**Work request**
Would you please set down, word for word, the lines from the one with "Roger shortened this" through the final line of the data below, omitting any pictures?

**Raw data**
########

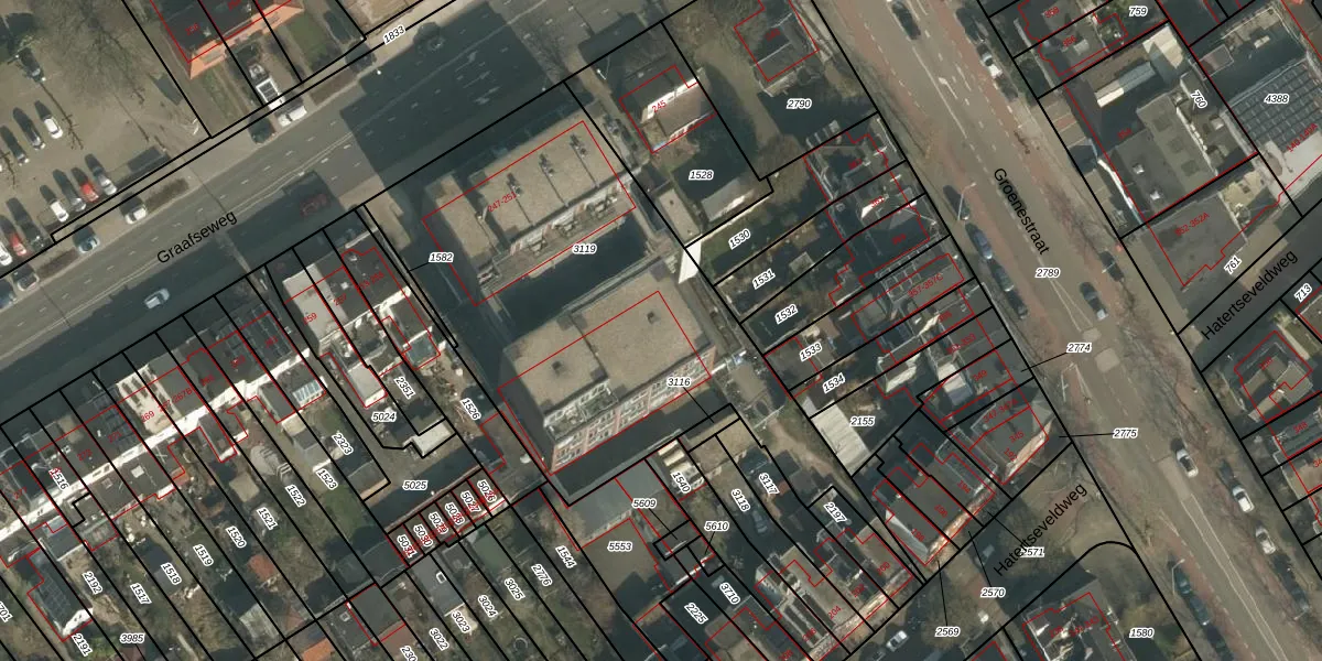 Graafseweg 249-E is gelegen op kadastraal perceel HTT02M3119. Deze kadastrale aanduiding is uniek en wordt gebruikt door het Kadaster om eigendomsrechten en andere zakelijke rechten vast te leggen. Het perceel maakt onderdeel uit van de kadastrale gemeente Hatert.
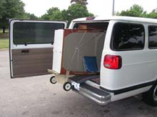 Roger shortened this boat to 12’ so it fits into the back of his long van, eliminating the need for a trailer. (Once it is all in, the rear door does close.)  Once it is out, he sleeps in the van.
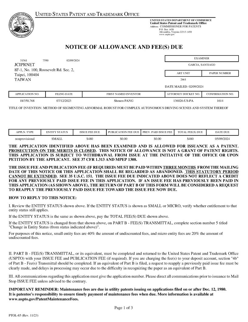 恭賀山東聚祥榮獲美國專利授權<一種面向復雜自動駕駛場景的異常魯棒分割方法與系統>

########

**Output of the task**
 Roger shortened this boat to 12’ so it fits into the back of his long van, eliminating the need for a trailer. (Once it is all in, the rear door does close.)  Once it is out, he sleeps in the van.
 恭賀山東聚祥榮獲美國專利授權<一種面向復雜自動駕駛場景的異常魯棒分割方法與系統>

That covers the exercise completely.